When using BerkeleyDB 4.1 - 4.3, it is recommended that you dump and
load the data bases to add checksums, for enhanced reliablity. See
section 2.2 in doc/README.db for details.

This means that bogofilter programs now exhibit the A C I D traits:
changes are atomic (all-or-nothing); the data base is always consistent;
changes are always isolated from each other; and all changes that are
acknowledged are durable.

Bogofilter can support multiple writers at the same time, mixed freely
with simultaneous readers, and the data base will not be corrupted by
application or system crashes, except when the disk drive gets damaged.

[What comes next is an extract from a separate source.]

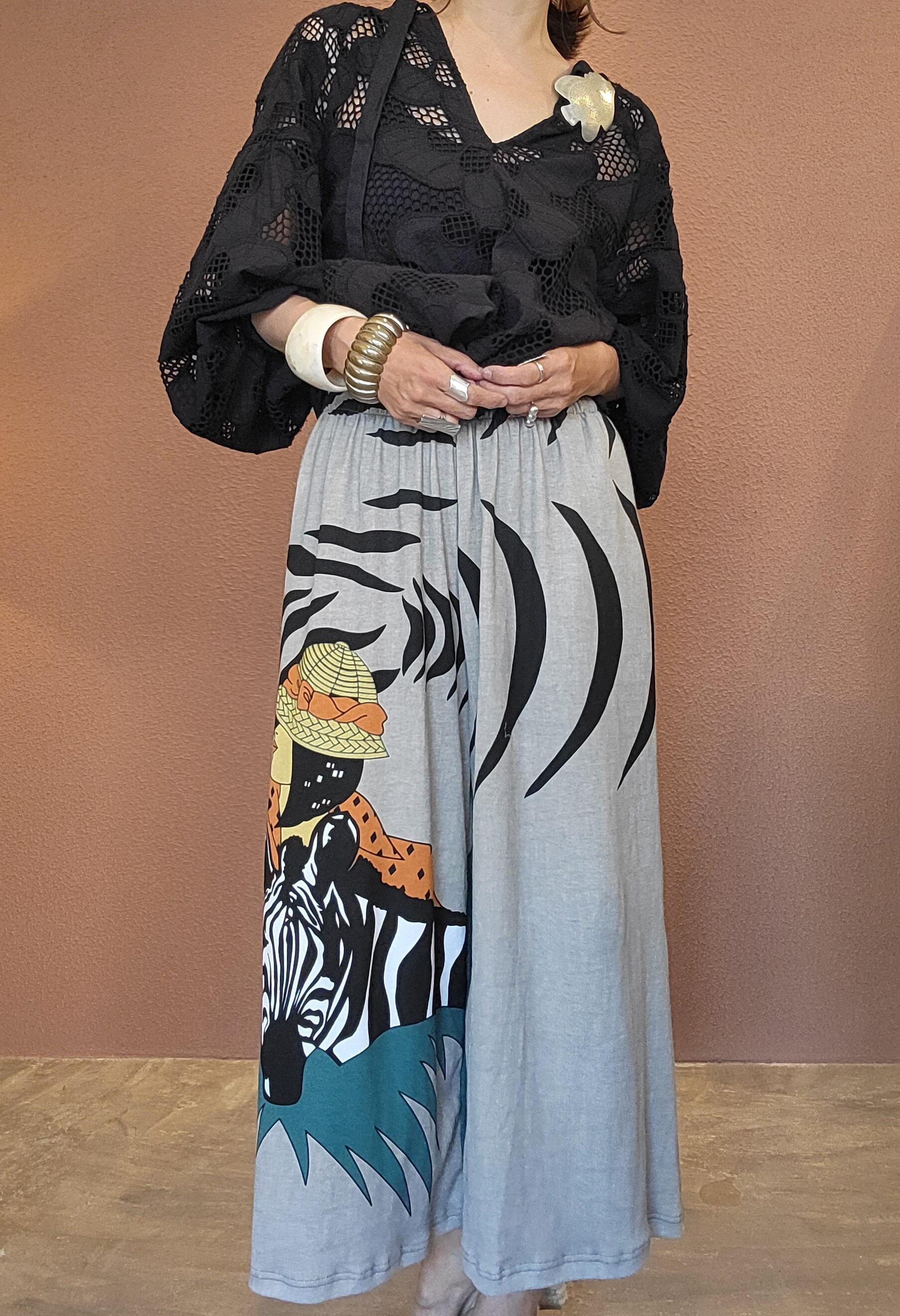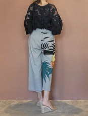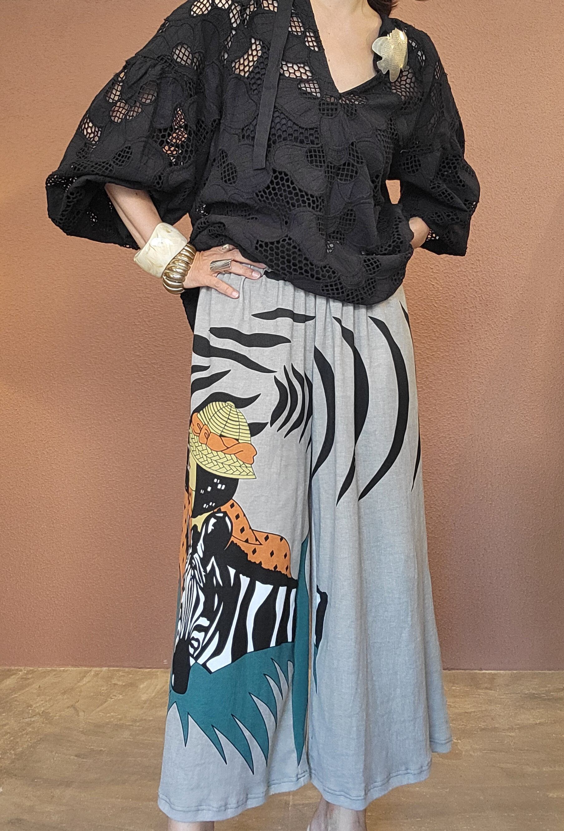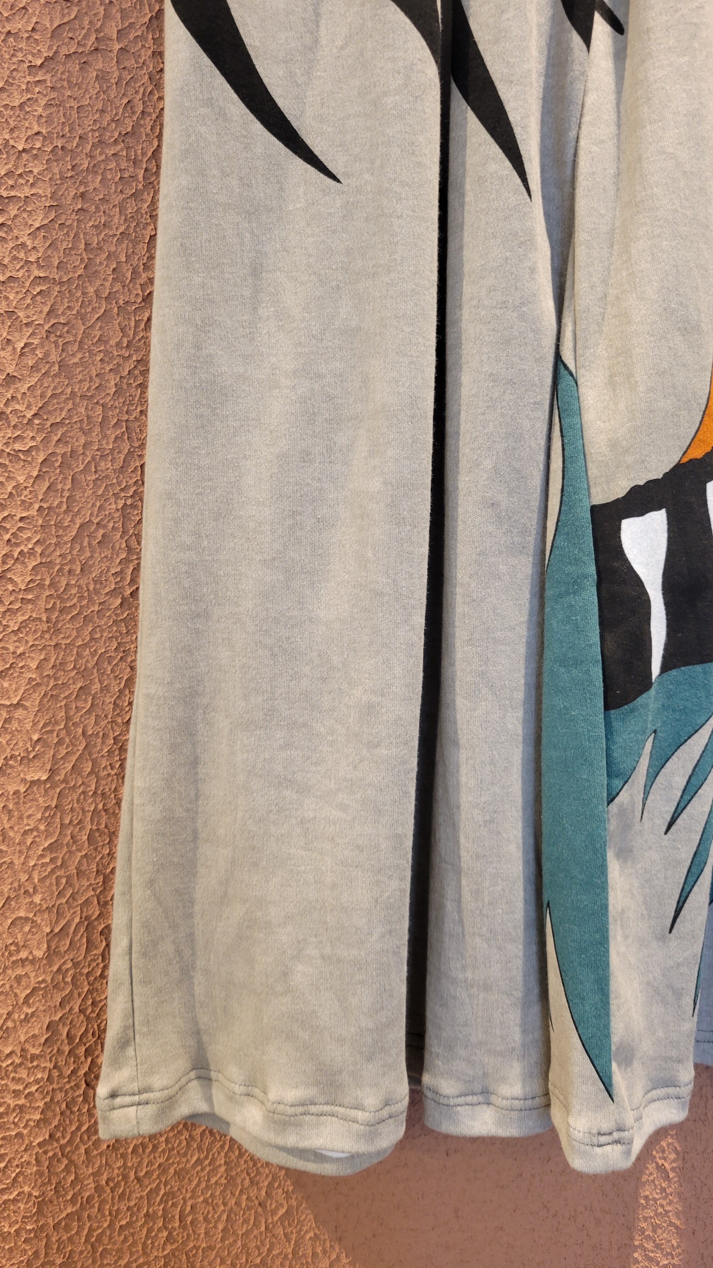 ヴィンテージのワイドイージーパンツ。素材はコットン、Tシャツのような素材です。ウエストゴム、右サイドにのみポケットがあります。短めのクロップト丈に個性的なプリントの珍しいヴィンテージパンツです。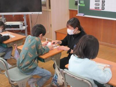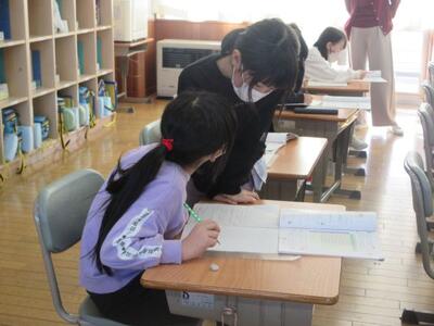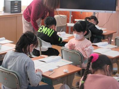 12月3日(水)3校時、2年担任の池田教諭が算数の授業を提案しました。これまで学習したかけ算を用い、変則的な並びをした物の個数を効率よく求めることがめあてです。学習プリントの問題に対し子供たち一人一人が書き込みをし、まとまりを作りながらかけ算で個数を求めていきます。途中、「じっくり一人で」「ヒントが欲しい」「仲間と伝え合う」など自分の進度や希望に応じて、必要感を持って仲間と交流していきます。発展問題にも意欲的に挑戦した2年生。学ぶ意欲が大いに高まり、子供たち一人一人が達成感と満足感を味わうことができました。

Note that this requires that the operating system and disk drive
maintain proper write order on the disk, and that both be honest about
synchronous I/O completion.

Note also that this causes bogofilter to write additional "log" files
to its ~/.bogofilter (or other) home directory.  The log files need to
be archived or deleted periodically.

For detailed instructions, be sure to _read_ doc/README.db and check the
BerkeleyDB documentation.

As a backwards compatibility option, for instance when space and I/O
bandwidth are tight, it is possible to use the old non-transactional,
non-concurrent Berkeley DB Data Store, which can only register messages
when there are NO scoring processes at all and that may not be able
recover from application or system crashes.

These benefits are not available when bogofilter is compiled to use the
TDB or QDBM data bases.


Berkeley DB version strings changed
-----------------------------------

Bogofilter will now return the BerkeleyDB's actual DB_VERSION_STRING
in the output of 'bogofilter -V'. The OLD format was:

    Database: BerkeleyDB (4.3.21)

The NEW format is:

    Database: Sleepycat Software: Berkeley DB 4.3.21: (November  8, 2004)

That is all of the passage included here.